Türkiye'de emeklilik sisteminde aylık ödenen dosya sayısı 16 milyona ulaşmış durumda. Bakıldığı zaman 1.8 çalışana bir emekli düşüyor. Bunun olması gereken oranı ise 4 çalışana bir emeklinin düşmesi. Dolayısıyla bu dengenin sağlanamaması hem sosyal güvenlik sistemini zora sokuyor hem de emeklilerin daha yüksek aylık almalarını önlüyor.
NORM BİRLİĞİ YOK
2008 reformuyla tüm kurumlar SGK (Sosyal Güvenlik Kurumu) çatısı altında birleştirildi ama bir norm birliği sağlanamadı. Hala emekli olma şartları, maaş bağlama şekli, maaşlara yapılan artış oranları kurumlara göre farklı uygulanıyor. Dolayısıyla da emekliler arasında maaş farklılıkları ortaya çıkıyor. Bunu kullanan bazı çevreler de yalan yanlış bilgilerle ortalığı bulandırıyor.
YENİ MODEL ŞART
Emekli maaş bağlama sisteminin artık yeni döneme uygun hale gelmesi gerektiğini burada sorunlar olduğunu dile getirdik, gündem yaptık. Ardından Orta Vadeli Program'da (OVP) emeklilik sistemi ve maaş hesaplama yöntemlerini de içine alan bir dizi düzenlemenin yapılması öngörüldü.
Ardından taban maaş uygulamasının çok önemli bir destek olduğunu ancak zam dönemlerinde 'sıfır zam' sorunu ortaya çıkardığını belirttik. Bu konuda da her dönem artışlar yapılmaya başlandı.
Son olarak 2024 yılında emekli olacaklarla 2025 yılında emekli olacaklar arasında güncelleme katsayısı sebebiyle yüzde 30 oranında fark oluşabileceğini gündem yaptık. Şimdi Çalışma ve Sosyal Güvenlik bakanlığı bu konuda bir çalışma yapıldığını açıkladı.

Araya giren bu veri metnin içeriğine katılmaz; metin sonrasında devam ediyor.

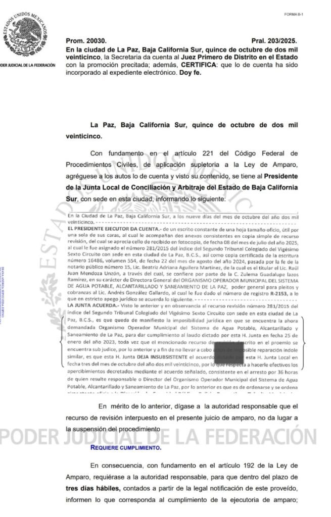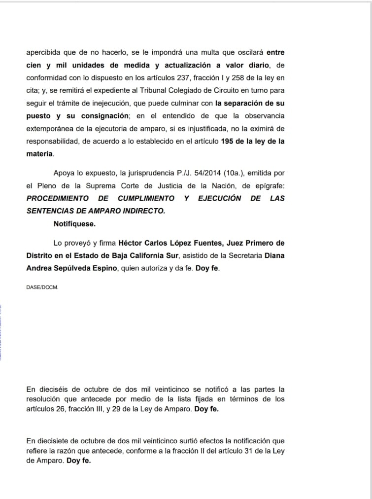 Es importante señalar que, de no cumplir la titular del OOMSAPAS La Paz con la sentencia dictada, el Juez de Distrito le abrirá un procedimiento de destitución de su cargo y consignada al Ministerio Público Federal por desacato.

SORUNLAR HANGİSİ ÇÖZÜM ÖNERİLERİMİZ NELER
Sorun 1: Maaş bağlama sisteminde kullanılan üç dönem ayrı hesaplama emekliler arasında farklılıklar oluşturuyor. Farklı aylık bağlama oranları hesaplamalarda haksızlık yapıldığı algısı oluşturuyor ve 'intibak' talepleri çoğalıyor.
Çözüm önerimiz: Aylık bağlama sistemi üçlü karma yapıdan kurtarılmalı, tek oran ve güncelleme ile sadeleşmelidir.
Emekli aylığı hesaplanırken uygulanan üçlü yapı sistemi karmaşıklaştırıyor. 1999 öncesi dönem için farklı aylık bağlama oranları ve güncelleme katsayısı, 1999-2008 arası için daha düşmüş bir aylık bağlama oranı ve yeni güncelleme katsayısı, ardından 2008 sonrası için düşük aylık bağlama oranı ve büyümenin enflasyonun etki ettiği güncelleme katsayısı. Bu hesaplamalar üç ayrı kanuna göre yapılıyor. Bu üç ayrı hesap toplanıp emekli aylığı ortaya çıkartılıyor. Dolayısıyla bu karma sistem hem hizmeti alanın hem de hizmeti verenin kafasını karıştırıyor.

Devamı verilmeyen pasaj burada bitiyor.